## 🛠️ TokenSplitter 

In [1]:
import regex as re

from estnltk import Text, Layer, Annotation
from estnltk.taggers import Retagger

class TokenSplitter( Retagger ):
    """Splits tokens into smaller tokens based on regular expression patterns.""" 
    conf_param = ['patterns', 'break_group_name']
    
    def __init__(self, patterns, break_group_name:str='end'):
        # Set input/output layers
        self.input_layers = ['tokens']
        self.output_layer = 'tokens'
        self.output_attributes = ()
        # Set other configuration parameters
        if not (isinstance(break_group_name, str) and len(break_group_name) > 0):
            raise TypeError('(!) break_group_name should be a non-empty string.')
        self.break_group_name = break_group_name
        # Assert that all patterns are regular expressions in the valid format
        if not isinstance(patterns, list):
            raise TypeError('(!) patterns should be a list of compiled regular expressions.')
        # TODO: we use an adhoc way to verify that patterns are regular expressions 
        #       because there seems to be no common way of doing it both in py35 
        #       and py36
        for pat in patterns:
            # Check for the existence of methods/attributes
            has_match   = callable(getattr(pat, "match", None))
            has_search  = callable(getattr(pat, "search", None))
            has_pattern = getattr(pat, "pattern", None) is not None
            for (k,v) in (('method match()',has_match),\
                          ('method search()',has_search),\
                          ('attribute pattern',has_pattern)):
                if v is False:
                    raise TypeError('(!) Unexpected regex pattern: {!r} is missing {}.'.format(pat, k))
            symbolic_groups = pat.groupindex
            if self.break_group_name not in symbolic_groups.keys():
                raise TypeError('(!) Pattern {!r} is missing symbolic group named {!r}.'.format(pat, self.break_group_name))
        self.patterns = patterns

    def _change_layer(self, text, layers, status):
        # Get changeble layer
        changeble_layer = layers[self.output_layer]
        # Iterate over tokens
        add_spans    = []
        remove_spans = []
        for span in changeble_layer:
            token_str = text.text[span.start:span.end]
            for pat in self.patterns:
                m = pat.search(token_str)
                if m:
                    break_group_end = m.end( self.break_group_name )
                    if break_group_end > -1 and \
                       break_group_end > 0  and \
                       break_group_end < len(token_str):
                        # Make the split
                        add_spans.append( (span.start, span.start+break_group_end) )
                        add_spans.append( (span.start+break_group_end, span.end) )
                        remove_spans.append( span )
                        # Once a token has been split, then break and move on to 
                        # the next token ...
                        break
        if add_spans:
            assert len(remove_spans) > 0
            for old_span in remove_spans:
                changeble_layer.remove_span( old_span )
            for new_span in add_spans:
                changeble_layer.add_annotation( new_span )
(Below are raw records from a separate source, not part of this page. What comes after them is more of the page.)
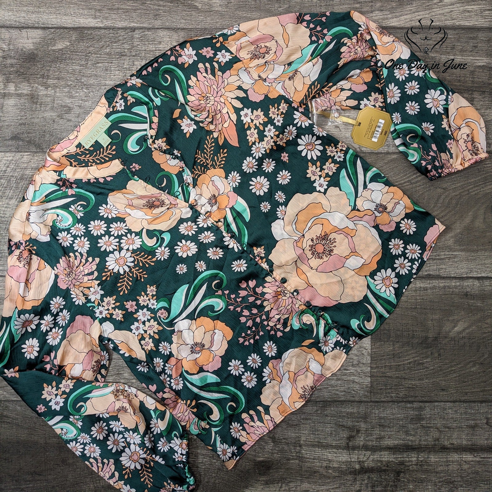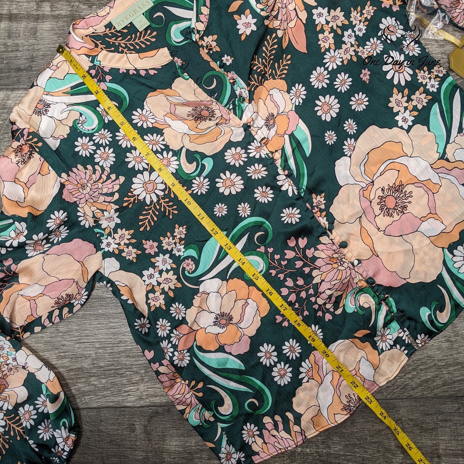 Ryegrass Sea Moss Floral Long Sleeve Top Size S
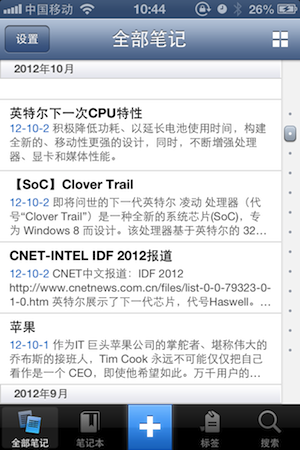 总之,新版印象笔记给人“焕然一新”的感觉,对于手机用户,它变得更加好用,输入效率更高。如果你足够敏感,你会发现新版印象笔记里面的操作变得更加简洁,新建记事基本上只要两步即可达成(记录文字,或拍照),而点击笔记本、标签查看固定类别之下的笔记,也同样只要两步。
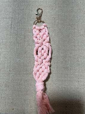 Handmade Macrame Keychain, Boho Pink Cotton Cord — New Condition. This stylish bohemian keychain features an intricate braided knot design in a soft blush pink color. It includes a gold-tone metal swivel clasp and ring for easy attachment to keys, bags, or backpacks. Perfect as a gift or a decorative accessory to add a touch of handmade texture to your daily essentials.

### Example 1: applying TokenSplitter on old language

In [2]:
token_splitter = TokenSplitter(patterns=[re.compile('[0-9]*(?P<end>[0-9])[a-züõöä]+'),\
                                         re.compile('[a-züõöä]+(?P<end>[a-züõöä])[A-ZÜÕÖÄ][a-züõöä]+')])

t=Text('Linnasekretär U.Jõgi luges linnawolikogu 20dets.1920a.koosoleku protokolli ette. '+\
       'Too oli krahwManteufelli maatüki müügi asjas.')
t.tag_layer(['tokens'])
token_splitter.retag(t)
t.tokens

layer name,attributes,parent,enveloping,ambiguous,span count
tokens,,,,False,24

text
Linnasekretär
U
.
Jõgi
luges
linnawolikogu
20
dets
.
1920


### Example 2: applying TokenSplitter on Internet language

In [3]:
token_splitter = TokenSplitter(patterns=[re.compile('(?P<end>ma|ise)[a-züõöä]+', re.I),\
                                         re.compile('(?P<end>ümber|välja)[a-züõöä]+')])

t=Text('Mai tea, väljavalitud ja ümberlükatud asjad -- isetead mis teed nendega'+\
       '')
t.tag_layer(['tokens'])
token_splitter.retag(t)
t.tokens

layer name,attributes,parent,enveloping,ambiguous,span count
tokens,,,,False,17

text
Ma
i
tea
","
välja
valitud
ja
ümber
lükatud
asjad